Table 4. Land Productivity for Different Types of Peasant Households
Employment Type Mean Std. Dev. Freq.
Pure Peasant Households 2063.01 34666.05 78491
Type I Part-time Households 1716.18 32496.23 154063
Type II Part-time Households 1186.97 14341.39 126344
Non-Peasant Households 1181.65 2309.28 13447
Total 1590.42 27574.58 372345
Data Source: National Bureau of Statistics of China
2. Changes in the Structure of Agricultural Inputs:
The Replacement of Labour by Machinery
Traditional agriculture in China mainly relies on high labour input to improve
land use ratio. Since 2003, the increase in the agricultural productivity is mainly
reflected by the great increase in the agricultural labour productivity. It manifests the
changes in agricultural input structure brought by the reallocation of the rural labours
in different sectors. Therefore, we should observe the agricultural transformation
based on changes of agricultural inputs. Furthermore, as the agricultural development
model changes, the high-labour input on which the traditional agriculture in China
primarily based is transferred to machinery and capital input.
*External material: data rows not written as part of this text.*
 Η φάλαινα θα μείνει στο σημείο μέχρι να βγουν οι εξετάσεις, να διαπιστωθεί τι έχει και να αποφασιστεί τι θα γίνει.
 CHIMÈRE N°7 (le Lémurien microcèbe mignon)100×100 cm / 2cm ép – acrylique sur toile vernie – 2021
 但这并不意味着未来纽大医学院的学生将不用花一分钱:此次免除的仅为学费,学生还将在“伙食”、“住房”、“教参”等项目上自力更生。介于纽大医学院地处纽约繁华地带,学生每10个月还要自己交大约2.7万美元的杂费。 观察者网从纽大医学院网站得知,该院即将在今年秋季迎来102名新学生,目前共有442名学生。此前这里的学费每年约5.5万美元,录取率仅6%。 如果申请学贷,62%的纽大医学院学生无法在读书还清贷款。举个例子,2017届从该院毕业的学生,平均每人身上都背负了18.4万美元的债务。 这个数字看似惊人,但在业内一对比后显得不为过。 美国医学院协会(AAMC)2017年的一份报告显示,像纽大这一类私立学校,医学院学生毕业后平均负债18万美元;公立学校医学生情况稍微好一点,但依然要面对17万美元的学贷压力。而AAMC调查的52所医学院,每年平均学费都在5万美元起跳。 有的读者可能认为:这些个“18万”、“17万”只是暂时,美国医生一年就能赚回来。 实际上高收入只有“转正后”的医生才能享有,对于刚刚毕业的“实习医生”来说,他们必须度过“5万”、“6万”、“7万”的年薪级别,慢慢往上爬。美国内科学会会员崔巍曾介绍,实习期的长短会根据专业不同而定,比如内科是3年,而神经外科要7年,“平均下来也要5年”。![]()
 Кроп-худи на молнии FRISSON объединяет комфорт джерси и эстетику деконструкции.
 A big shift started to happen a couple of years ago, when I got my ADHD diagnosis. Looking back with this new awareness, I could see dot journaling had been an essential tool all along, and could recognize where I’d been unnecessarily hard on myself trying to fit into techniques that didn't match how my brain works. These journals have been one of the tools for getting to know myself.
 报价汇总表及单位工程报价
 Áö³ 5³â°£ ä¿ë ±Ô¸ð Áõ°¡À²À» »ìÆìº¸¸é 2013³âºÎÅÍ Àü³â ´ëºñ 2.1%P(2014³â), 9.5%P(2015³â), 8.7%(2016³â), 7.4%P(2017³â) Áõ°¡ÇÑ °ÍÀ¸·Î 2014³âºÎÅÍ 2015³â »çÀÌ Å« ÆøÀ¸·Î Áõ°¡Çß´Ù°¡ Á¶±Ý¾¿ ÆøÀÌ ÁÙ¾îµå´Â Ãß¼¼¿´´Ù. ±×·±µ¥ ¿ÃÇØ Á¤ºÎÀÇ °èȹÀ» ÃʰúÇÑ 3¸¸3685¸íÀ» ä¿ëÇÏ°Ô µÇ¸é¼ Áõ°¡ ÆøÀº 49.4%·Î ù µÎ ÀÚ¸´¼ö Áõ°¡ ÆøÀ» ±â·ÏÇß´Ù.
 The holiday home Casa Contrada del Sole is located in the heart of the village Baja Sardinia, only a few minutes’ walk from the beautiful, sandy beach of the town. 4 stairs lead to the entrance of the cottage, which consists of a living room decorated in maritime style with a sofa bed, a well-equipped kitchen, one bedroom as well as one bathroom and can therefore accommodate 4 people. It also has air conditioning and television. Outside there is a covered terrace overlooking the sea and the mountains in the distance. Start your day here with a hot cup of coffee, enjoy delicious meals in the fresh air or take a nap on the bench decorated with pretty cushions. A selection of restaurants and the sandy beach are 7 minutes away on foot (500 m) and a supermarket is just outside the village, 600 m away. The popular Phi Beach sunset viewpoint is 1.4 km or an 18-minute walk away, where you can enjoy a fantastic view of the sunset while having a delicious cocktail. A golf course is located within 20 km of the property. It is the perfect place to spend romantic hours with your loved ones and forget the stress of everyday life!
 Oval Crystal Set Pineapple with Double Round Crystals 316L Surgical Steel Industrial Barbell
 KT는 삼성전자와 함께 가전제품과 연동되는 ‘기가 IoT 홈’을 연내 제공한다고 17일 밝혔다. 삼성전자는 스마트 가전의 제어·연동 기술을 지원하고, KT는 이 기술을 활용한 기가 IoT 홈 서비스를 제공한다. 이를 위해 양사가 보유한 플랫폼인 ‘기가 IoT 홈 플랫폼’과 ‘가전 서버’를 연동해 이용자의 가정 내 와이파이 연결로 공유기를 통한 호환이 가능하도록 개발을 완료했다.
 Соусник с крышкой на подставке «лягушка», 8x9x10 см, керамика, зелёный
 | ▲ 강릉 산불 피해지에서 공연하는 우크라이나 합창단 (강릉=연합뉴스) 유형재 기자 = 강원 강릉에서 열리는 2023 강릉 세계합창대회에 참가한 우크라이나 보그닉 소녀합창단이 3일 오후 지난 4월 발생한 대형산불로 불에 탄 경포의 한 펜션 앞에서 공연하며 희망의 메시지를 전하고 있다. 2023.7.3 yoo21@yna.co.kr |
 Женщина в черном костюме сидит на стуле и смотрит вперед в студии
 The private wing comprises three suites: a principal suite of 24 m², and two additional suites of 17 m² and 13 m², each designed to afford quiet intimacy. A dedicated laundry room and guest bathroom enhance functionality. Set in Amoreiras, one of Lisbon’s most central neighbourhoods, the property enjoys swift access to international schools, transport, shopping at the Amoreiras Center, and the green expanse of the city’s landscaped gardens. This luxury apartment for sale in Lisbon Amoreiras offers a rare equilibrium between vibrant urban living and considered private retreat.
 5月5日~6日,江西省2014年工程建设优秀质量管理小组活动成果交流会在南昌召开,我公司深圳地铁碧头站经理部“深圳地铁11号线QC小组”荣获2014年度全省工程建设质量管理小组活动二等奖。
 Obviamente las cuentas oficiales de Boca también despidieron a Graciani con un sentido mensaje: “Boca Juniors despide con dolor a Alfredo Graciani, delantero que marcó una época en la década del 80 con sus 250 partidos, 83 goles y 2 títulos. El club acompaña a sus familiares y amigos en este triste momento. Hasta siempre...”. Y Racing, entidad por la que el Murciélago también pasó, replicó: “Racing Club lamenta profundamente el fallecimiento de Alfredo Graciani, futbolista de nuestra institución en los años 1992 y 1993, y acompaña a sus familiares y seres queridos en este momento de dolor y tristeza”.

(1) Labour Input. The cost of crop farming has increased and agricultural labour input
has decreased. According to Figure 13, The household self-employment cost and hire
labour wage have increased significantly. And the hire labour wage has been
increased from 14.05 RMB/day in 1999 to 112.39 RMB/day in 2015, which has been
increased by almost 8 times. The household hire labour wage has been increased from
9.5 RMB/day in 1999 to 78 RMB/day in 2015, which has been increased by almost 7
times. From 1999 to 2015, the total cost for household hire labour in major crops have
experienced constant growth (See Figure 11). As the labour cost been increasing,
peasant households generally adopt the strategy of reducing labour input when they
allocate labour force. At last, the labour inputted in crop farming has decreased
remarkably (As in Figure 12).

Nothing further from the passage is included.